Elle s'est en effet contentée de reprendre le refrain des ministres qui répètent sur tous les tons depuis des années que «Omar Khadr est accusé de crimes graves» et que le Canada estime qu'il faut attendre la fin du processus judiciaire en marche aux États-Unis.

En bout de ligne, la juge Karen Sharlow a émis l'hypothèse que le Canada ne voulait pas demander son rapatriement de peur d'obtenir «une réponse positive».

À l'issue de l'audience, l'avocat militaire du jeune Khadr, le lieutenant-commandant William Kuebler, a déclaré qu'à son avis, le président Barack Obama répondrait sans doute favorablement à une requête du Canada demandant le retour au pays de Khadr.

Selon lui, l'administration américaine n'a pas du tout envie d'être la première à faire un procès à un enfant soldat. Les responsables cherchent une manière de se sortir honorablement du pétrin dans lequel ils se trouvent avec Guantanamo.

Le président ne peut toutefois pas compter sur le Canada pour lui fournir une solution clefs en main. Le premier ministre Stephen Harper a en effet récemment déclaré à Fox News que le Canada n'accueillerait aucun prisonnier détenu à Guantanamo.
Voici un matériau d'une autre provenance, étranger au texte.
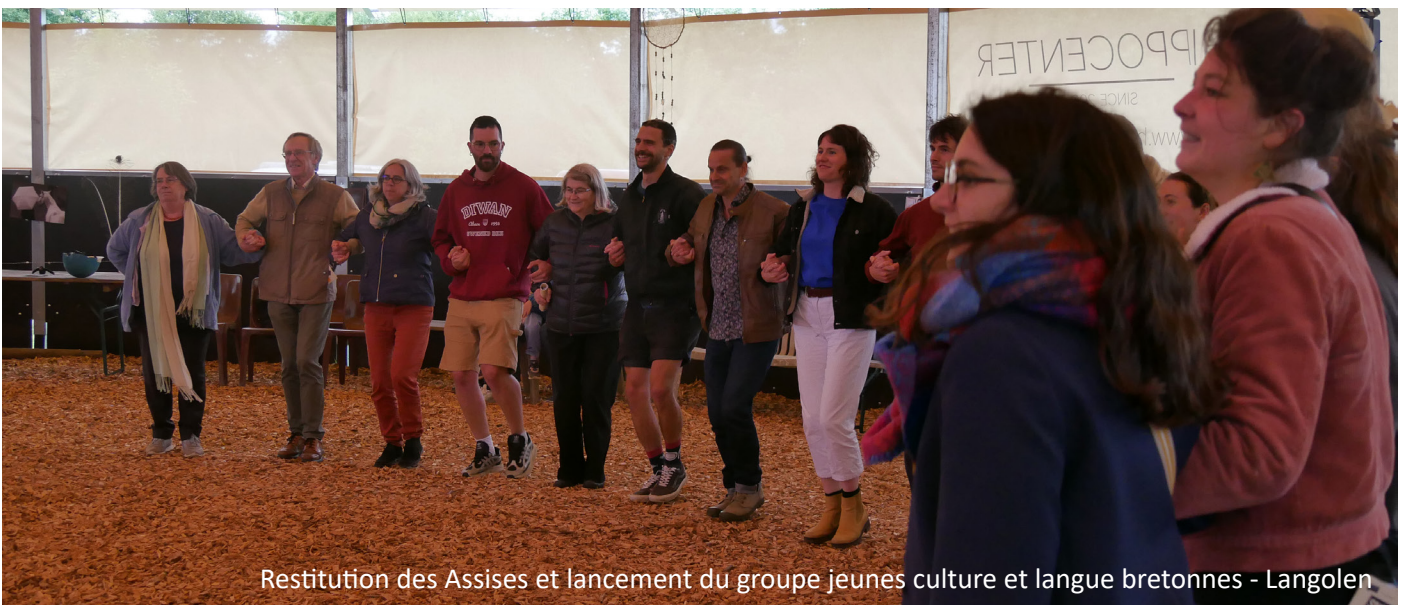
Restitution des Assises et lancement du groupe jeunes culture et langue bretonnes - Langolen

Les Assises ont largement mobilisé le CDC et suscité l'intérêt des acteurs du territoire. Un livret de restitution a également été publié en 2024. Un groupe de travail prospectif réunissant une quinzaine de jeunes du territoire a également été mis en place et se poursuivra tout au long de l'année.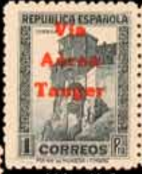
661 - 40 €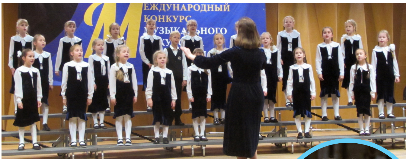
Хористы из 2-го А. Консерватория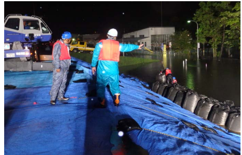
大型土のう設置作業状況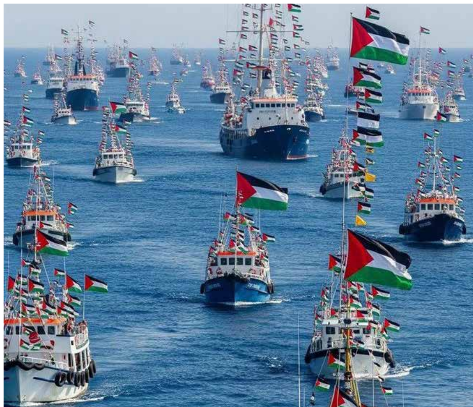
Globalna flotilja Sumud na poti v Gazo, ki je želela odpreti humanitarni koridor in dostaviti pomoč na ozemlje, ki trpi katastrofalno lakoto. Slika generirana z Ul.

Lors de cette entrevue au réseau américain, M. Harper avait précisé qu'il ne «voulait pas faire du Canada un refuge pour tout individu perçu par le gouvernement des États-Unis comme étant un terroriste».

D'après Me Kuebler, Omar Khadr se trouve aujourd'hui plus que jamais dans les limbes, ignorant ce que l'avenir lui réserve.

La Cour fédérale d'appel a pris l'affaire en délibéré, après avoir entendu le procureur canadien du jeune homme, Dennis Edney.